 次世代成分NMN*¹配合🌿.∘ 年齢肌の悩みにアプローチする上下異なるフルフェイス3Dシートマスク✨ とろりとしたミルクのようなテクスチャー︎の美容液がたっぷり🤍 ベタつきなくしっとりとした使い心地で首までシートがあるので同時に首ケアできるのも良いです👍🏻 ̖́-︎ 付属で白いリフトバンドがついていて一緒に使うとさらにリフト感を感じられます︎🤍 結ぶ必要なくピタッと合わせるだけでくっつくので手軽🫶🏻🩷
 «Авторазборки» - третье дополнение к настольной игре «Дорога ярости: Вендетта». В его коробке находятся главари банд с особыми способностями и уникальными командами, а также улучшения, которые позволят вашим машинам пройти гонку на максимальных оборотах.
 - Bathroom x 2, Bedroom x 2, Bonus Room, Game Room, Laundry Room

+--

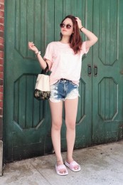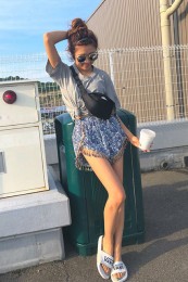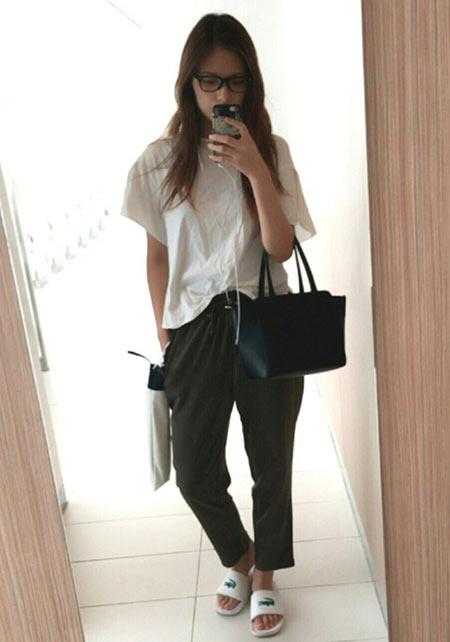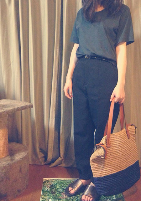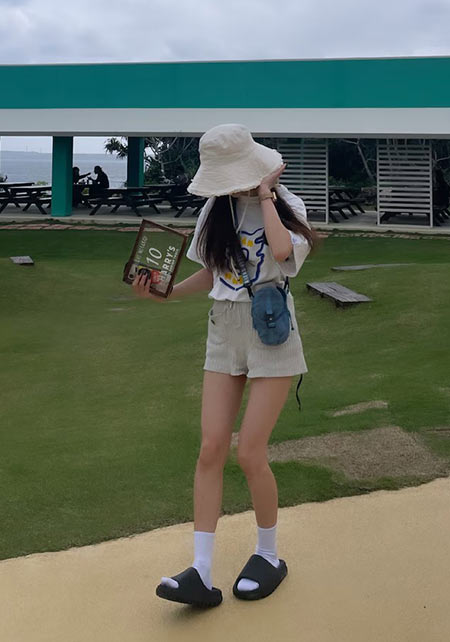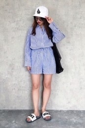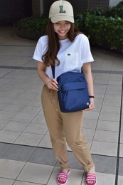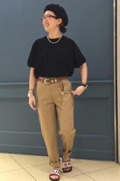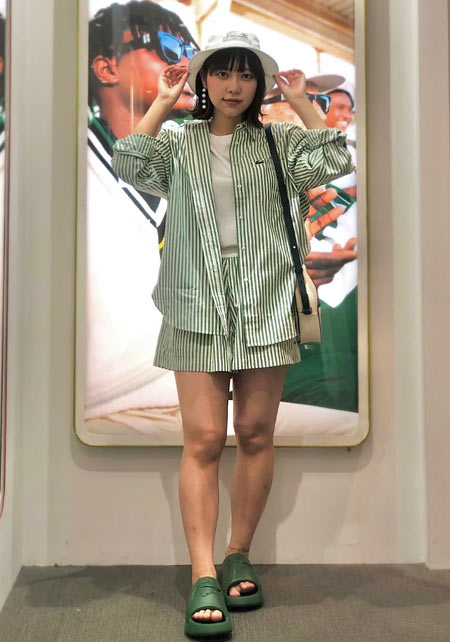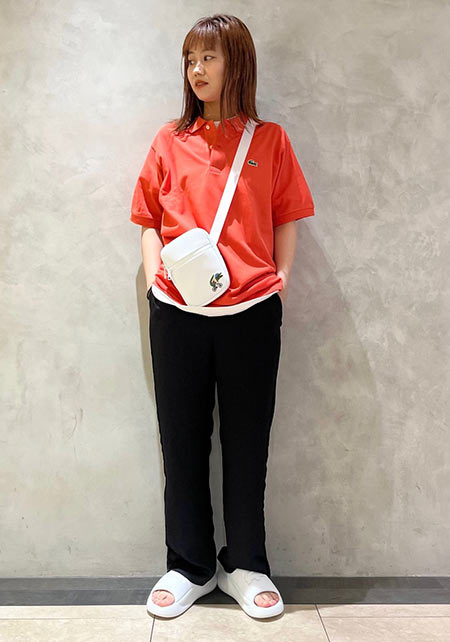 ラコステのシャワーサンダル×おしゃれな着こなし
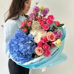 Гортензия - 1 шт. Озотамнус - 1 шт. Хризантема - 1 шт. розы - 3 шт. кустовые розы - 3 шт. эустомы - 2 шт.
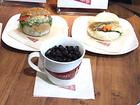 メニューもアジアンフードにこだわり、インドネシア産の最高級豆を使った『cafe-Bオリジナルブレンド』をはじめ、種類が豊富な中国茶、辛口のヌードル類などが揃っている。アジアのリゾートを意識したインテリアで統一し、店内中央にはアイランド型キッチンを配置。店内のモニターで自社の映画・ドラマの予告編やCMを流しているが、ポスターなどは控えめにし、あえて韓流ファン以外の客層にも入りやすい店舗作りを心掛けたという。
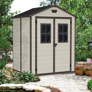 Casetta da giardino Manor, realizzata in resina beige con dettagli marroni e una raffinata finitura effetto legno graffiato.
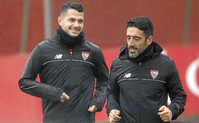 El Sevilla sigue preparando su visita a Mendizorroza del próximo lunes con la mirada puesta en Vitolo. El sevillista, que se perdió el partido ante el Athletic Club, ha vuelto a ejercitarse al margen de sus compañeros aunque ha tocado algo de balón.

+--

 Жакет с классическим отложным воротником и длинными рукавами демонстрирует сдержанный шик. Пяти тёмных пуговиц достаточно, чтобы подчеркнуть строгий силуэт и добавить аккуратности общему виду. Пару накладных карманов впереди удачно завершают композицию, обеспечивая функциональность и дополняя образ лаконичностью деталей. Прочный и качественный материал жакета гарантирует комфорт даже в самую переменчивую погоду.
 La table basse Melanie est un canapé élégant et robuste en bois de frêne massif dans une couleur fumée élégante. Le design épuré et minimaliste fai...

+--

__TASK__. In the listing above, find the line with "Гортензия - 1" and the line with "Casetta da giardino". Transcribe those two and everything between, exactly, leaving out pictures.

__RESPONSE__.
 Гортензия - 1 шт. Озотамнус - 1 шт. Хризантема - 1 шт. розы - 3 шт. кустовые розы - 3 шт. эустомы - 2 шт.
 メニューもアジアンフードにこだわり、インドネシア産の最高級豆を使った『cafe-Bオリジナルブレンド』をはじめ、種類が豊富な中国茶、辛口のヌードル類などが揃っている。アジアのリゾートを意識したインテリアで統一し、店内中央にはアイランド型キッチンを配置。店内のモニターで自社の映画・ドラマの予告編やCMを流しているが、ポスターなどは控えめにし、あえて韓流ファン以外の客層にも入りやすい店舗作りを心掛けたという。
 Casetta da giardino Manor, realizzata in resina beige con dettagli marroni e una raffinata finitura effetto legno graffiato.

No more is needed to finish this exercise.